Work instruction
From the records that follow, return exactly the lines beginning at the one that contains "一如日本电影里以配乐和空镜表" and ending at the one that contains "В этом разделе", pictures left out.

Data to process
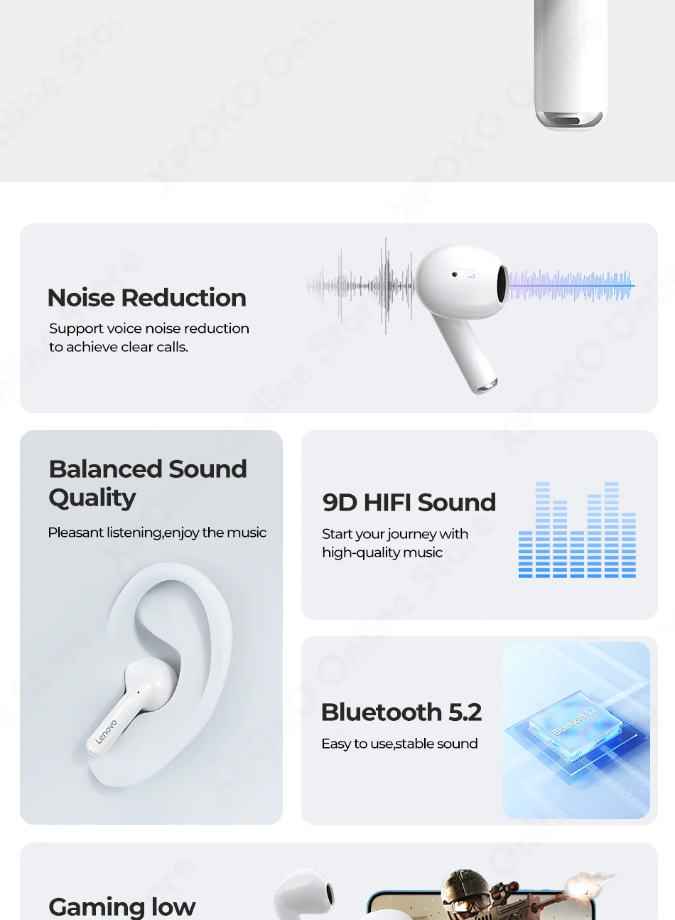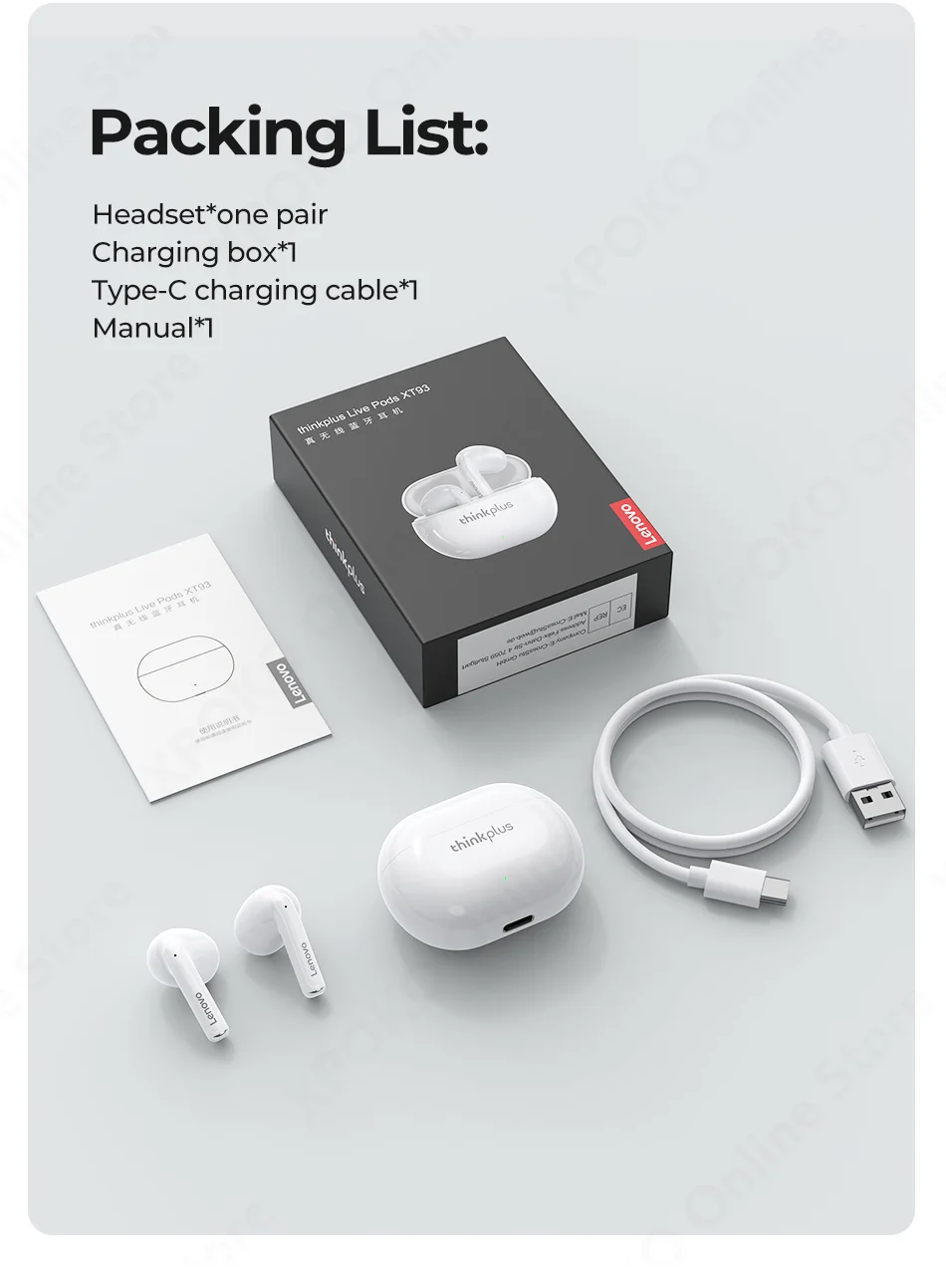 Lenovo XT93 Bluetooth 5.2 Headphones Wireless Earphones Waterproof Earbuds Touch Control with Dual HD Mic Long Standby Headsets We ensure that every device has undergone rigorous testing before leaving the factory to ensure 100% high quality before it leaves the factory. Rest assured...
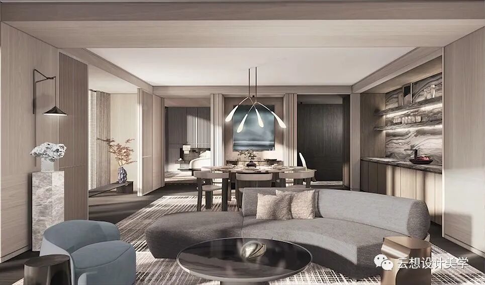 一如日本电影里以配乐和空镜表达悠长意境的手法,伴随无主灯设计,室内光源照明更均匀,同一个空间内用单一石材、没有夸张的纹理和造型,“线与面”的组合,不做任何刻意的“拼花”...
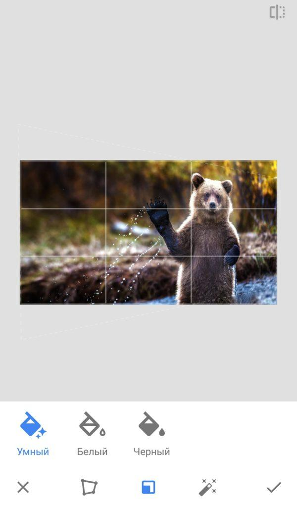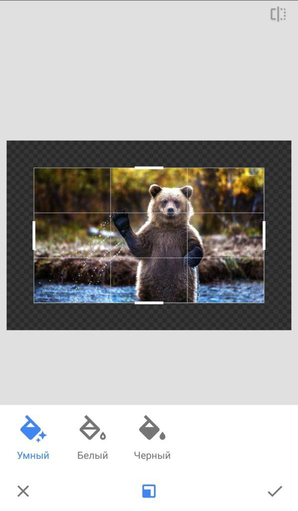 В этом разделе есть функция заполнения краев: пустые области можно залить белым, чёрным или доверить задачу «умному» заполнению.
* * *
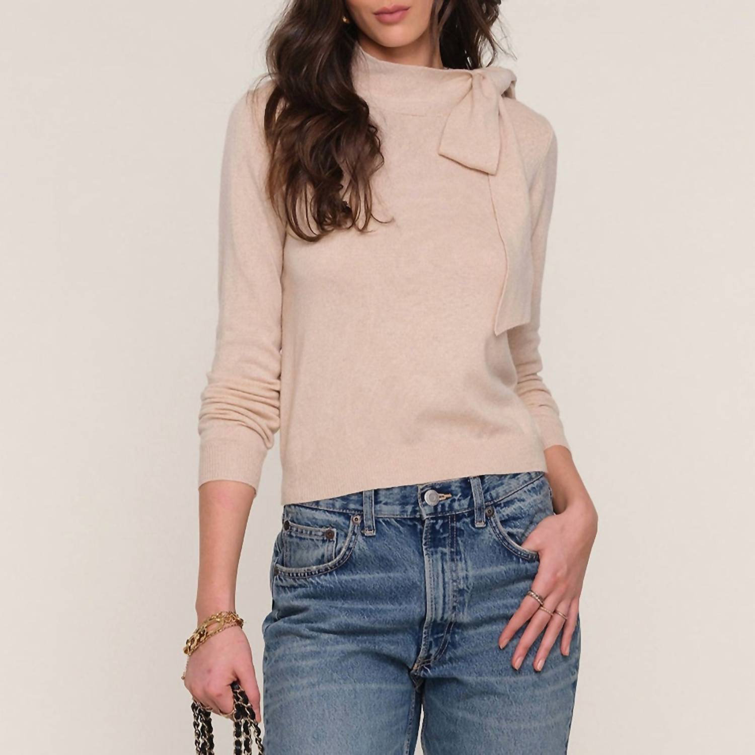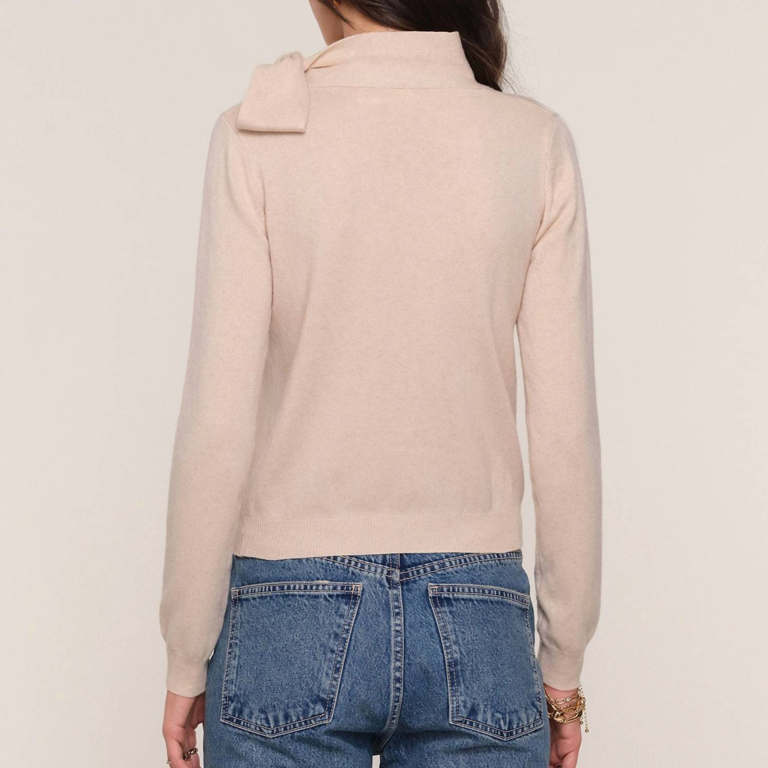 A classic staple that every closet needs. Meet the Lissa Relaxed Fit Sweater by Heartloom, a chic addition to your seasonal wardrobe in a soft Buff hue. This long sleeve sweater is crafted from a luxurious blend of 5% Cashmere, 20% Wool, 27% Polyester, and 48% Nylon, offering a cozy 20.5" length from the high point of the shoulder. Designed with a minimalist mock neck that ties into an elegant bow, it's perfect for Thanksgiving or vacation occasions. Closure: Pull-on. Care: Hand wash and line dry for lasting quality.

Written response
 一如日本电影里以配乐和空镜表达悠长意境的手法,伴随无主灯设计,室内光源照明更均匀,同一个空间内用单一石材、没有夸张的纹理和造型,“线与面”的组合,不做任何刻意的“拼花”...
 В этом разделе есть функция заполнения краев: пустые области можно залить белым, чёрным или доверить задачу «умному» заполнению.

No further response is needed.